> _Your task_
Lines that contain the string "Короткокрылый" are the ones to list; copy all of them from the records.

· · · ·

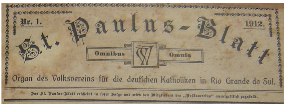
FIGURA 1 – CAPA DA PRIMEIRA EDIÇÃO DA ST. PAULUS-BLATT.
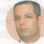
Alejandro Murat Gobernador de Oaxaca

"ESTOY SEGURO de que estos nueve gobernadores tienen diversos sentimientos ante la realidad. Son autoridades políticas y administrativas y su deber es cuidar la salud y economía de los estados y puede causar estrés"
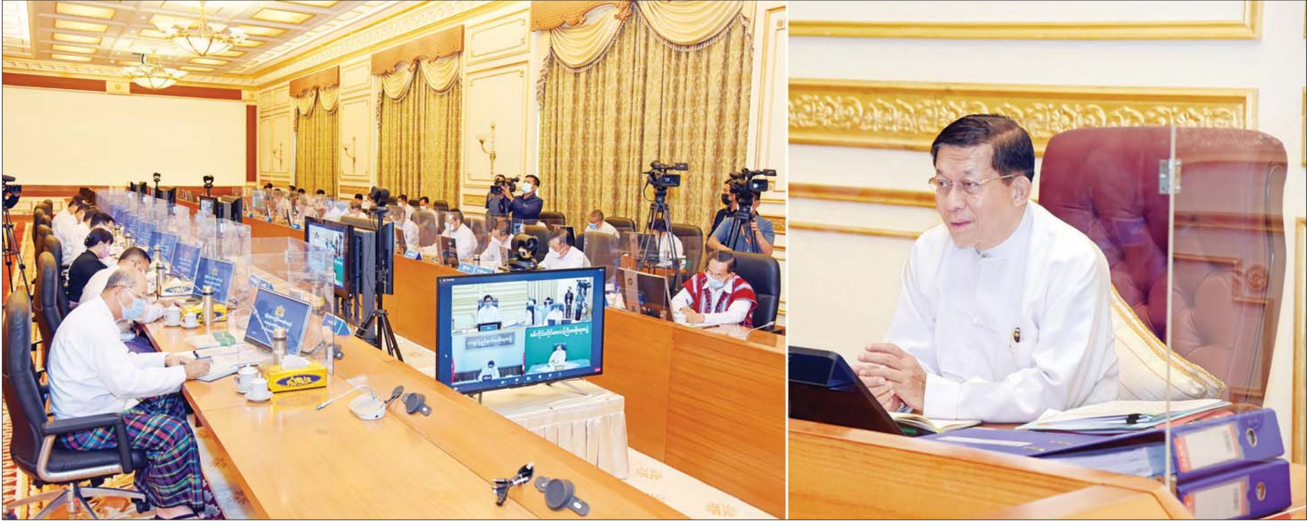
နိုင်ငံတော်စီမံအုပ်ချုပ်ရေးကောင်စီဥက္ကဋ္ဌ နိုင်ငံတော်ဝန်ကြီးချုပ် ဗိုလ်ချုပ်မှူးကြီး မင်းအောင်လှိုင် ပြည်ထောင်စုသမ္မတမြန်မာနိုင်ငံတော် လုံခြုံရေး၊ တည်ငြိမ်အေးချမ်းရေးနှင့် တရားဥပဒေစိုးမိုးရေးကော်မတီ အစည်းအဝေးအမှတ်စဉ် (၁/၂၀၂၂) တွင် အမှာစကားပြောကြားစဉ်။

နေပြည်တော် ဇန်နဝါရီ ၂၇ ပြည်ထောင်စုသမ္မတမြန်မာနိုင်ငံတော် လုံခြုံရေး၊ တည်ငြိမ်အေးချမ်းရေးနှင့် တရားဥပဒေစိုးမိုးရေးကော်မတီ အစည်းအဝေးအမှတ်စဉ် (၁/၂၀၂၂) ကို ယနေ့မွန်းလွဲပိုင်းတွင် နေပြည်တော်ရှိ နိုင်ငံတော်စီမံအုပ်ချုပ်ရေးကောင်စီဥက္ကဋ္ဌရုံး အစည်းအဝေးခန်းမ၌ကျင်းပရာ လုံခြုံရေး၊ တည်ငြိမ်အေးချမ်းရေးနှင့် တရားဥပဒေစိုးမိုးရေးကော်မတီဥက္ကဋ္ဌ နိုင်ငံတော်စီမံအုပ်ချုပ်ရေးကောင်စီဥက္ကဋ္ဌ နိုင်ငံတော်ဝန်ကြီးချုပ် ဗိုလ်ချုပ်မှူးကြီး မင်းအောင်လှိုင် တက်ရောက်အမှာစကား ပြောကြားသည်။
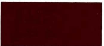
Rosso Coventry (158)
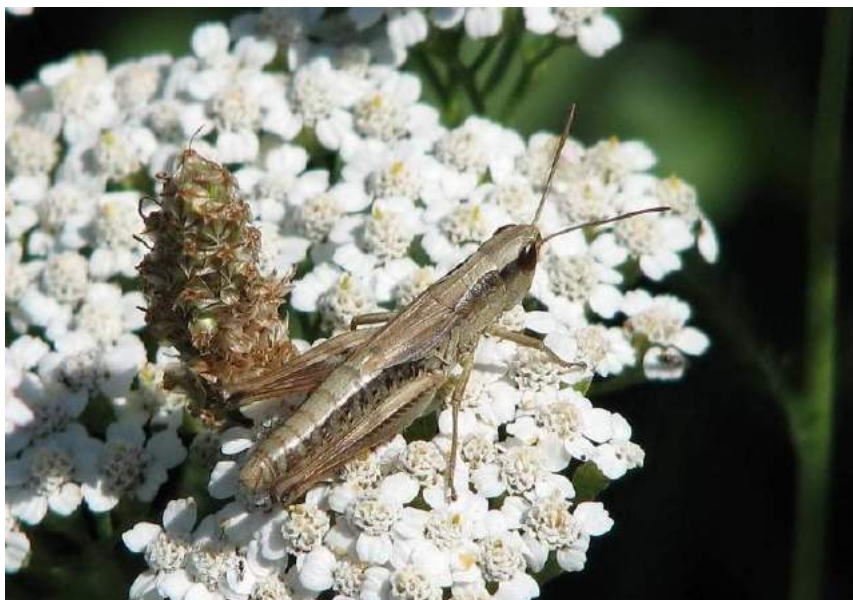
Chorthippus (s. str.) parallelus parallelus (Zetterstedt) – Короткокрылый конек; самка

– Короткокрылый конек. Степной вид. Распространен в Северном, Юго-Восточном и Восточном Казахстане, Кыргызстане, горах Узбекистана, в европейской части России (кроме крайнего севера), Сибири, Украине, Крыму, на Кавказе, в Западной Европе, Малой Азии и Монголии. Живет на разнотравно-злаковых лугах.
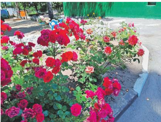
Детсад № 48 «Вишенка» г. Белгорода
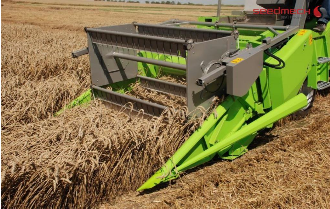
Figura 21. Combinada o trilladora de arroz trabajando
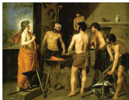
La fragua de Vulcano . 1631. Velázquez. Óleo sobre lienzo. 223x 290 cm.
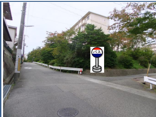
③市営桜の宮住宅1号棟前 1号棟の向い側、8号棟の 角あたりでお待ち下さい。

· · · ·

> _Response to this exercise_
Chorthippus (s. str.) parallelus parallelus (Zetterstedt) – Короткокрылый конек; самка
– Короткокрылый конек. Степной вид. Распространен в Северном, Юго-Восточном и Восточном Казахстане, Кыргызстане, горах Узбекистана, в европейской части России (кроме крайнего севера), Сибири, Украине, Крыму, на Кавказе, в Западной Европе, Малой Азии и Монголии. Живет на разнотравно-злаковых лугах.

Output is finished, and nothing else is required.